(TASK STATEMENT) Print, in exact form, the lines below from the one containing "织绣 抽纱 孔雀羽织金装花纱龙袍面料" through the one containing "आज मिति २०८१/१०/०८", and omit all others.

-- DATASET EXTRACT follows --

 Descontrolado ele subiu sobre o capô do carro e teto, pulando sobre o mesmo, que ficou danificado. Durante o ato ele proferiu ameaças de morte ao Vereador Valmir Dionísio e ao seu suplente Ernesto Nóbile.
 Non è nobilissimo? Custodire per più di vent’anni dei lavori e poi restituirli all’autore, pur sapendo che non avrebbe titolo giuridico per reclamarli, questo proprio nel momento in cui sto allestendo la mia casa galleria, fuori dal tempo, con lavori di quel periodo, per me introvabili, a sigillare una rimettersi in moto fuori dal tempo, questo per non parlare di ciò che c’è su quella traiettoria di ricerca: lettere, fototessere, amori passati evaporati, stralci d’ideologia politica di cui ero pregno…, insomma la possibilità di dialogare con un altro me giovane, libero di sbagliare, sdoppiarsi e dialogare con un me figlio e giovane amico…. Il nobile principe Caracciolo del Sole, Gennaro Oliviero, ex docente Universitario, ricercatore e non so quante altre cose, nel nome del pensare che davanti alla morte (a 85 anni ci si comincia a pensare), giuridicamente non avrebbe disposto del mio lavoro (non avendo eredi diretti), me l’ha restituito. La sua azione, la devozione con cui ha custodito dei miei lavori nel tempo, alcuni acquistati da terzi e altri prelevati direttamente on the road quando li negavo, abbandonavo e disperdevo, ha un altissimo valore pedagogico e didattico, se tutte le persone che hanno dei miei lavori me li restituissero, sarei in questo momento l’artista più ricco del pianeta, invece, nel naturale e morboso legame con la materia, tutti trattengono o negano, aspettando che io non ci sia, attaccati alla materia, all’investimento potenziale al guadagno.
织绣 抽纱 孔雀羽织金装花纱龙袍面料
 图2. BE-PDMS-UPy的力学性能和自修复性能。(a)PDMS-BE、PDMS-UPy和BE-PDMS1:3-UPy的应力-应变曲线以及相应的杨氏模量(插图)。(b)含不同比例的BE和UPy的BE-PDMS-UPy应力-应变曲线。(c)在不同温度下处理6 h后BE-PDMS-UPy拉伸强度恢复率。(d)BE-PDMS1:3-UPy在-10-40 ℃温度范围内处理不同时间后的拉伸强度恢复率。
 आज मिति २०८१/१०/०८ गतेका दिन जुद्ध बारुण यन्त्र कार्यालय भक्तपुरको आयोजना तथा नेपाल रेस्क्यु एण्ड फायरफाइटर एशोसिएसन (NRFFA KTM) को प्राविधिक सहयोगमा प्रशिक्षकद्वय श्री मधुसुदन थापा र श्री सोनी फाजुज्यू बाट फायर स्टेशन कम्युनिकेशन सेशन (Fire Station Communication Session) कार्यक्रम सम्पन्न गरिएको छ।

-- DATASET EXTRACT concluded --
-- DATASET EXTRACT follows --

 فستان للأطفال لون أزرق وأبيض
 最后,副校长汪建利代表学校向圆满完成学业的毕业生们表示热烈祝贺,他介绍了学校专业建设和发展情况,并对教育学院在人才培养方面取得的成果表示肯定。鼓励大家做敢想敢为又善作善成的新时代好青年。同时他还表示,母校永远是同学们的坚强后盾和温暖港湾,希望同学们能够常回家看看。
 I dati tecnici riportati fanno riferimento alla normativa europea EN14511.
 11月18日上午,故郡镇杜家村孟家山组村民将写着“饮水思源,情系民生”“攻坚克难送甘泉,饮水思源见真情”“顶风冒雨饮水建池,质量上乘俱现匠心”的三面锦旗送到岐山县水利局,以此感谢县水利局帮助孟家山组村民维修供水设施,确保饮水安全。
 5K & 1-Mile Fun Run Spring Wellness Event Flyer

-- DATASET EXTRACT concluded --
-- DATASET EXTRACT follows --

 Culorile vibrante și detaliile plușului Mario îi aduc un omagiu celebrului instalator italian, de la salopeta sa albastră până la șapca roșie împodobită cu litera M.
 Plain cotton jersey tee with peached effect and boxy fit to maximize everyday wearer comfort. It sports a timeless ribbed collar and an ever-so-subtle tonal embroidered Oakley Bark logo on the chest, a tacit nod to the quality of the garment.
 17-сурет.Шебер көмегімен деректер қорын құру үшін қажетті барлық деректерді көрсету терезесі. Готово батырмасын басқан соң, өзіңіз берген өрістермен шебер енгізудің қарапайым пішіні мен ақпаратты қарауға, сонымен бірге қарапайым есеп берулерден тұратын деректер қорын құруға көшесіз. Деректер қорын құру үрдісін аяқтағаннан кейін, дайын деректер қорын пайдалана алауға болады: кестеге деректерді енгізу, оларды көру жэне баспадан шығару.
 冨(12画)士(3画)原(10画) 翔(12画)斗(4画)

-- DATASET EXTRACT concluded --

(EXPECTED OUTPUT)
织绣 抽纱 孔雀羽织金装花纱龙袍面料
 图2. BE-PDMS-UPy的力学性能和自修复性能。(a)PDMS-BE、PDMS-UPy和BE-PDMS1:3-UPy的应力-应变曲线以及相应的杨氏模量(插图)。(b)含不同比例的BE和UPy的BE-PDMS-UPy应力-应变曲线。(c)在不同温度下处理6 h后BE-PDMS-UPy拉伸强度恢复率。(d)BE-PDMS1:3-UPy在-10-40 ℃温度范围内处理不同时间后的拉伸强度恢复率。
 आज मिति २०८१/१०/०८ गतेका दिन जुद्ध बारुण यन्त्र कार्यालय भक्तपुरको आयोजना तथा नेपाल रेस्क्यु एण्ड फायरफाइटर एशोसिएसन (NRFFA KTM) को प्राविधिक सहयोगमा प्रशिक्षकद्वय श्री मधुसुदन थापा र श्री सोनी फाजुज्यू बाट फायर स्टेशन कम्युनिकेशन सेशन (Fire Station Communication Session) कार्यक्रम सम्पन्न गरिएको छ।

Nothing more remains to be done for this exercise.